When the company was created 4 years back by two French founders, the lack of AI talents on the Singapore market was actually one of the main reasons the headquarter moved to France: very soon the Singapore office was abandoned. Indeed, at that time there was a lot more talents on the market in France, since it had been previously implemented in university and engineering school programs.
From a start-up point of view, it was also much more fashionable to work in a start-up in France than it was here. Things are now changing, but it was definitely striking a few years back when large companies where setting up their global AI R&D center here, and we couldn’t find anyone!
Thankfully, and in line with Singapore’s objective of being an AI and more generally deeptech hub, things have started to change. Among the efforts that I feel have not really emerged in France, are transition programs. University programs have evolved but it’s going take a few more years for students to go to market. In the meantime short training programs (3-9 months) have been put in place with a project coming directly from the industry, for instance, thanks to the collaboration of AI Singapore and iMDA: AI Apprenticeship. The aim is to rapidly shift experienced people to this market.
To be honest it has been difficult for us – for whom it is our core business – to participate in those programs. Most of the times, they were more developed for companies who don’t have the skills and needed them for a specific and well defined project.
The brighter side is more people with AI skills are now on the market, and we’re really looking forward to seeing more! And this allows us to build a real hub here in Singapore to address Asia, not only for sales and operations but also for R&D.
How “Dare you” to be a women in tech?
To be honest I find that question a bit strange, it seems so obvious to me that everyone and anyone should dare to be what they desire! People’s first impression on who you are, what you do, shouldn’t dictate your life. Only your own desire, passion and experience can define what you are good at and what you want/can do.
That is my strong belief, and I can get into quite heated conversations about it. But that doesn’t mean that it is easy. I can’t count the number of times where people have asked me to bring one of my “technical colleagues” to the meeting, or to turn to my male colleagues when looking for seniority, because they are not expecting a young woman to have such a deep knowledge on technical details. But to be fair, I have definitely made the same mistake!
But I can tell you, there’s nothing more satisfying than spending the first 5-10min of the meeting showing them that you really know what you’re talking about and that you should be taken seriously. And in most cases, it actually earns you a lot of respect from whoever made the mistake in the first place.

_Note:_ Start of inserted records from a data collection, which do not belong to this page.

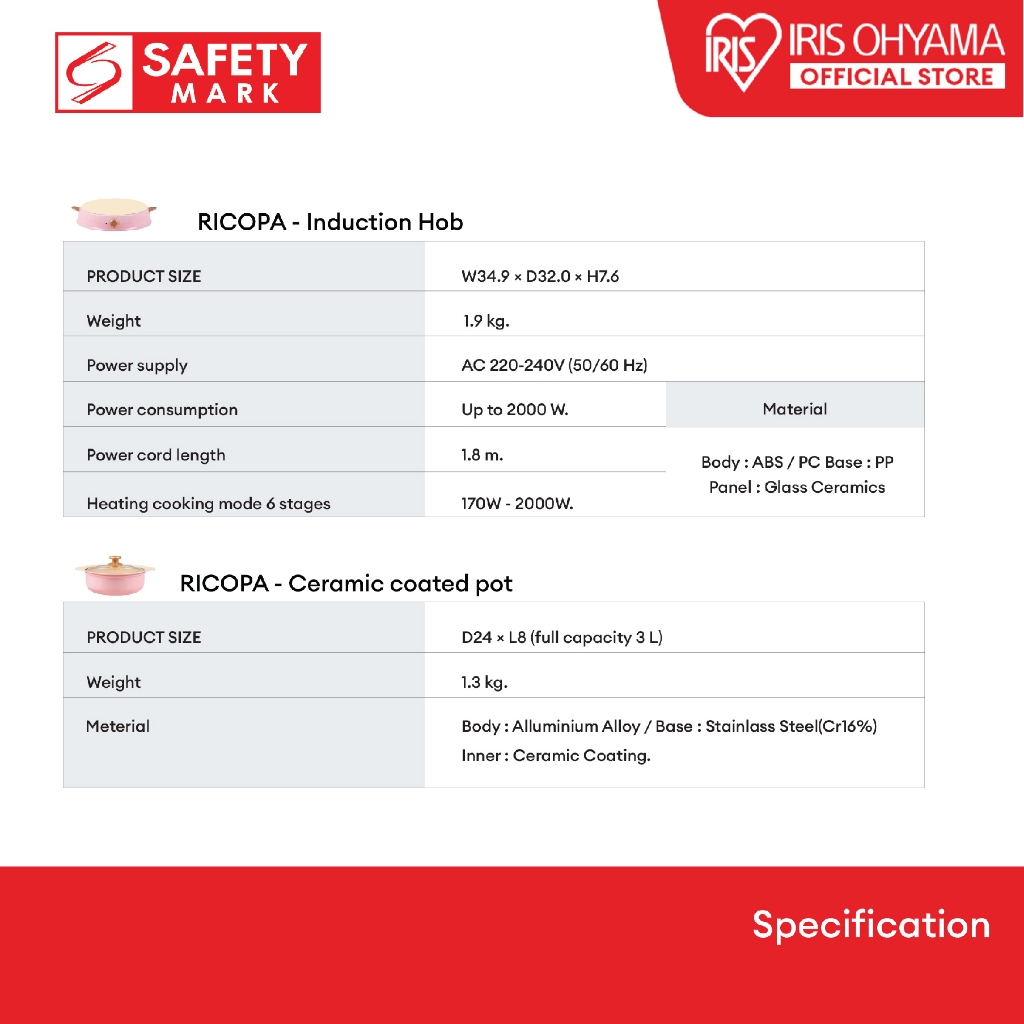 IRIS OHYAMA RICOPA IH Induction Cooker Hot Pot Set (IHL-R14) & Pot only (ITP-24), Ceramic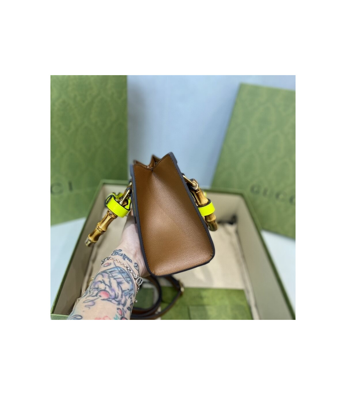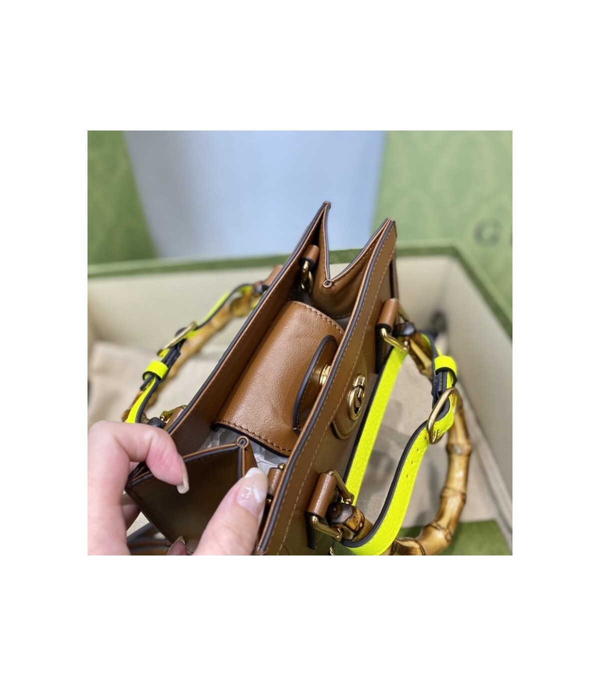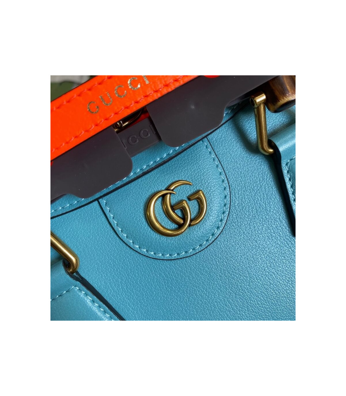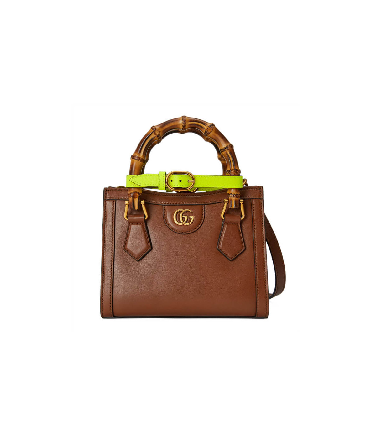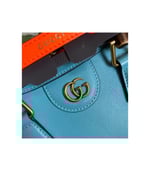 Combining recognizable elements of the House, the mini tote bag is defined by its bamboo handles and Double G hardware. Crafted from light blue leather, the accessory is further accentuated by two neon bands, a playful reference to the bands used to keep handles in shape.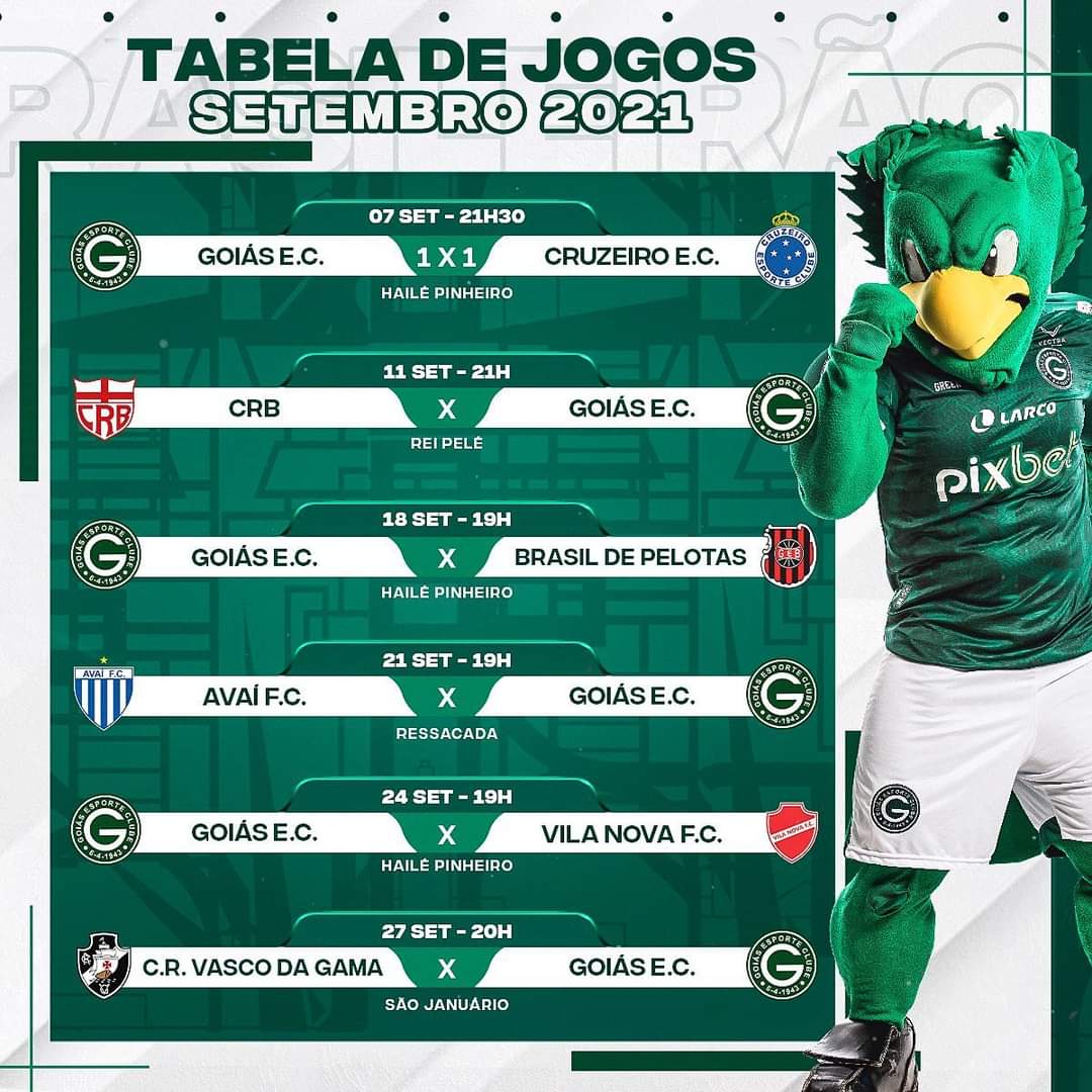 Tendo em vista que o mês de setembro reserva muitas emoções ao torcedor esmeraldino, o próprio Goiás fez questão de divulgar em suas redes sociais a tabela de jogos da equipe até o final deste mês. Confira a agenda esmeraldina em setembro:

How do you intend to bring more diversity in AI?
I think the first step is to recognise that we all have biases. ALL OF US, no exception. And because it is easier to find common ground with people that are similar to you, well it is easy to build a company, a group of friends, with people that are all thinking the same way!

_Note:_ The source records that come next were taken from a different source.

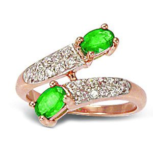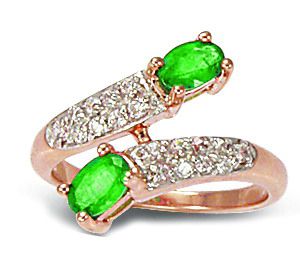 Кольцо из красного золота 585 пробы с 2 изумрудами и 18 цирконами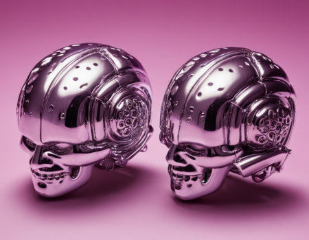 Sleek chrome frames with reflective geometric patterns and details creating a modern futuristic and industrial visual design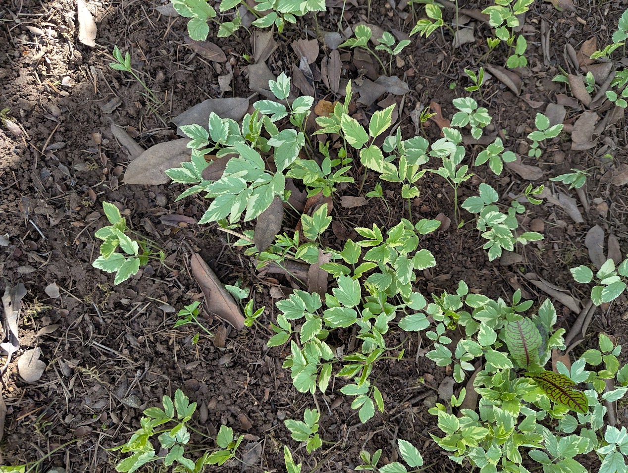 Bishop’s Weed. Aegoyodium podagraria ‘Variegatum’. I happen to like this one, too. I encourage it as a ground cover. Insects like it as well, and it isn’t all that difficult to keep in one spot. It is not a native and is considered by some gardeners to be invasive. (Also known as “Bishop’s Goatweed”.)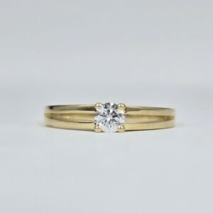 Référence Mohedano : 31300673 Tour de doigt : 53 Type de pierres : Diamants Poids du Diamant central : 0.230ct Poids total diamants : 0.060 Qualité diamants : G/SI Métal : Or jaune 750/000 Poids métal : 2.790gr
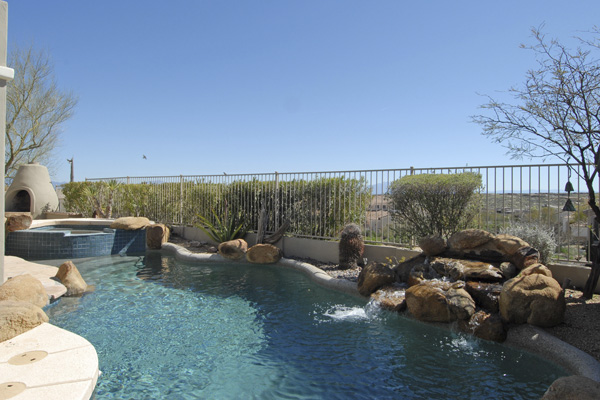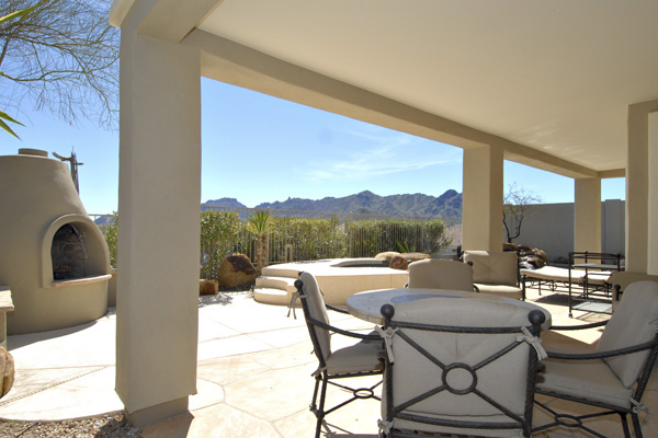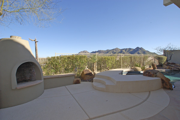 This lovely transitional style home in Troon Village is all about the VIEWS! Can be purchased turn-key with furniture (furnishings from Robb & Stucky/Ladlow). Backyard faces south with exceptional McDowell Mountain views. Home backs to Natural Area Open Space allowing this home to have better views than other homes in the area. Self-cleaning heated Pebble-Tec pool & spa, Kiva fireplace, & BBQ to enjoy the outdoors. Interior features: 2 bedrooms + den, living/dining combo with gas fireplace in living room, 10’+ flat ceilings, & single level home with no interior steps. Great curb appeal with stacked stone exterior and neat landscaping.
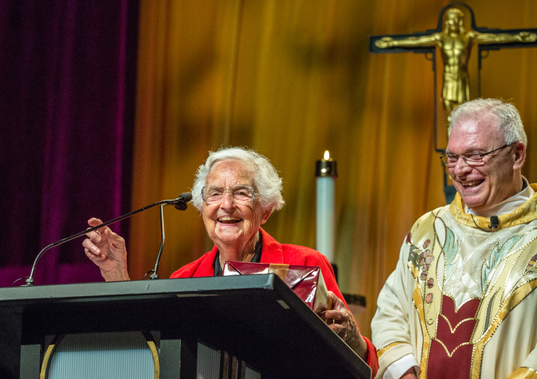 Families and students gather at the Gentile Arena for “Family Mass” August 21, 2014, where Father Michael Garanzini proclaimed Sister Jean Delores Schmidt, BVM Day, also her 95th birthday. | Sun-Times files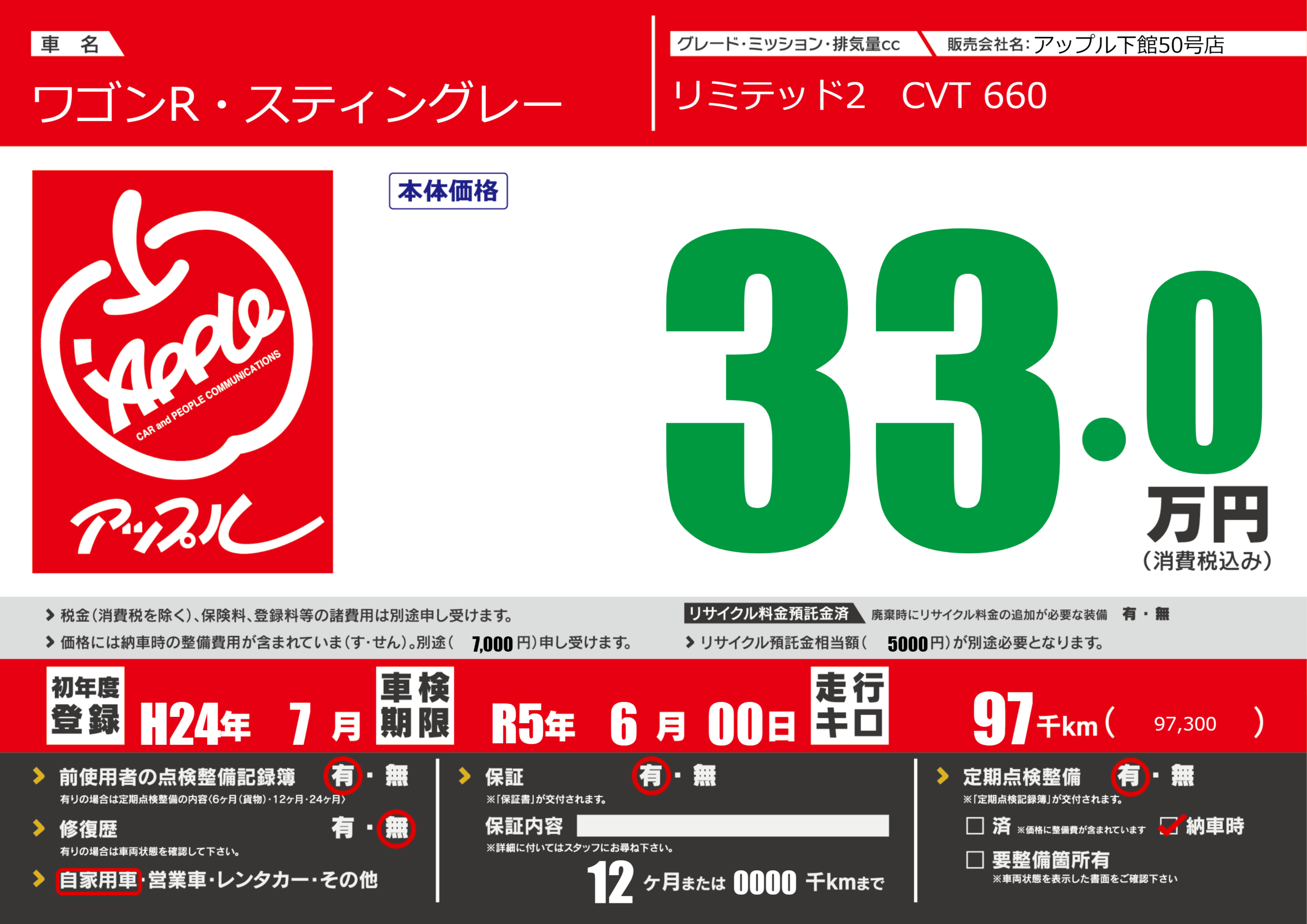 保証付き 保証内容(---) 12ヶ月または(0000)千kmまで |

Oh how easy it is, on a personal level, when you arrive in a new country to contact the French living there, and recreating a little France around you in this new country. But there is so much to learn from other cultures, other mindsets.

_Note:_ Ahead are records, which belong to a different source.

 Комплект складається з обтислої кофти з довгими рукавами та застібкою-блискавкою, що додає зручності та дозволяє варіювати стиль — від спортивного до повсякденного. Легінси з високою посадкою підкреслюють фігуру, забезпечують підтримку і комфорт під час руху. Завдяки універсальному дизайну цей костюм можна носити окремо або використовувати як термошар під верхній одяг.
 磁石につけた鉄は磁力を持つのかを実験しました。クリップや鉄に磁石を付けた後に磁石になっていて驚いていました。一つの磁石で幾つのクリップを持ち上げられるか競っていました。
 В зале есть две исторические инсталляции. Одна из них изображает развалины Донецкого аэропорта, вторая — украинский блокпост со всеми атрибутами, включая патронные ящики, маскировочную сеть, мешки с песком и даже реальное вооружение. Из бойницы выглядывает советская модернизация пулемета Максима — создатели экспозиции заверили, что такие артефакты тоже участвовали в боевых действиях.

Don’t get me wrong, I love the French community here, and I’m proud to be a part of it today. My point is: I didn’t start there, because it would have been way too hard to get out of it in a second time.
The same applies in our professional lives. It is important to realise that innovative solutions, game changer solutions, come by confronting different point of views, experiences, and expertise.
As a French engineer, I give a lot of value to that status, and trust this path of education and the input a French engineer can give to a company. But I also have learnt so much from my Singaporean and international colleagues that have followed a different path of life. For me, diversity is essential to innovation and progress.